Beach Clean Ups – Everywhere

Beach clean ups are the easiest way everyone can make a difference for the ocean. In each area of the country there are plenty of opportunities to join the community in cleaning the beaches and surfline. Whether you look online for groups or find them as part of various clubs, Conservation Volunteers is an organization that makes it easy to find beach clean- ups close you you. They offer beach monitoring and marine debris collection. All marine debris will be analysed and the data will be sent to Tangaroa Blue, a national marine debris database that identifies source polluters.

No prior experience is necessary; and friendly team leaders will teach you everything that you need to know on the day. Just bring your gloves and a snack and begin making a difference.


Sea Shepherd Australia

Sea Shepherd, the notorious conservation pirates are constantly looking for passionate ocean defenders who aren’t afraid of hard work, no pay, long hours, dangerous conditions and extreme weather. While that may sound unappealing, this is an opportunity to visit places that people rarely see, meet like-minded individuals and make a profound difference on the front line. Many operations are multi-month and visit areas such as Europe, Antarctica and the Americas.

Sea Shepherd’s fleet is crewed by volunteers of all backgrounds from over two dozen countries and five continents. While the average age is 30, volunteers range in age from 19 to 61 years old, women and men. Women make up almost half of our ships’ crew, including captains, engineers and officers. While preference is given to technically-skilled volunteers for positions such as engineers, navigators, radio operators, cooks and medics, we also need deckhands to keep the ship running smoothly. Previous experience working on board a ship is not required.


Humpbacks and High-rises

HHR’s mission is to ensure present and future generations of the community have access to enjoy, appreciate and care for whales and dolphins. They aim for better protection of marine mammals by improving understanding about marine mammals through the research of whale & dolphin abundance, distribution, behaviour and movement patterns and through establishment of community involvement and outreach.


Reef Check Australia

Reef Check Australia is an innovative environmental charity dedicated to providing ways for the community to better understand, appreciate and protect oceans and marine environments. Reef Check has been conducting citizen science activities in South East Queensland (SEQ) for over 10 years. The project was established in 2007 to monitor subtropical reef sites between the Gold Coast, Brisbane area and the Sunshine Coast.

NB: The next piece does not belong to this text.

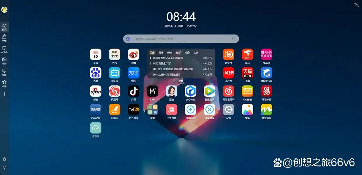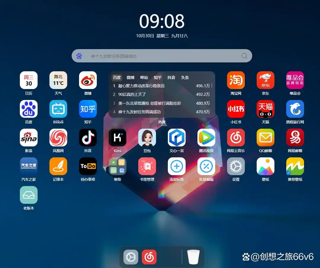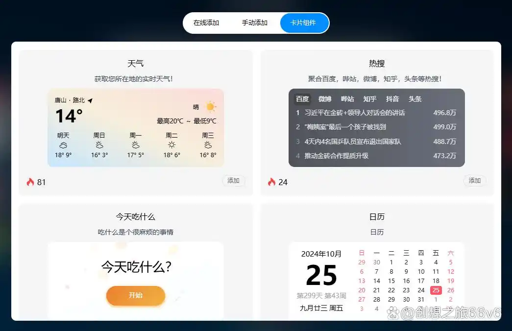 6、内部小卡片:天气、日历、倒计时、热搜等,满足不同需求。

Currumbin Wildlife Hospital

Whether it be assisting Wildlife keepers in the Sanctuary, liaising with guests visiting the kangaroo paddocks or preparing blankets ready to house injured wildlife bought in from the public, apply today and be a part of our friendly team. With the recent bushfire crisis and ongoing drought, your help is more important than ever.


Western Australia Seabird Rescue

Sea-birds are often overlooked as species that need assistance, however, they are often susceptible to human expansion and crude oil spills. The Western Australia Seabird Rescue offer fantastic opportunities for rescue volunteers who are available on a semi-regular basis. Often required to attend rescues and courses in your local area, volunteers will learn from an existing volunteer to understand how to care for the birds, rehabilitate and release safely. Not only do the volunteers rescue birds, they will attempt to educate anglers who are responsible for entangling and injuring species such as pelicans during fishing.

Mainly based in the Perth and Albany area, WASR have rehabilitated and rescued more than 400 birds and 37 species last year. Penguins, Shearwaters, Black Swans and Gannets are some of the few birds at risk.


MangroveWatch is a non-profit organization that focuses on research, education and preserving the valuable mangrove ecosystems of Australia. Mangroves are home to a plethora of flora and fauna that are constantly at risk due to development and climate change. The urgent need to preserve and protect threatened tidal wetland ecosystems, especially threatened mangrove and saltmarsh habitats has resulted in the formation of the non-profit whose practices and framework help address both scientific and environmental management needs in the community.

Mangroves in the Northern Territory represent 42% of the countries mangrove area. Each area of the country has a monitoring program which targets estuarine and coastal systems where there are mangroves, saltmarsh and saltpans. Through a partnership of community volunteers, traditional owners, government and scientists a wider reach for the  more effective application of sustainable management and environmental conservation is created.

For those interested in a making a difference, use the MangroveWatch website to volunteer.


Institute for Marine and Antarctic Studies – University of Tasmania

The Institute for Marine and Antarctic studies has created a volunteer program full of unique opportunities. A 2-day course on Bruny Island and the Tasman Peninsula will conduct research on sentinel species for the monitoring of Paralytic shellfish toxins. This is a study that effects the general population who are consuming mussels and are contracting Paralytic Shellfish Poisoning (PSP)

While this may sound complicated and scientifically intimidating, this is just one example of many opportunities that require no experience. After collection on the first day, the second will include processing of the mussels at the IMAS.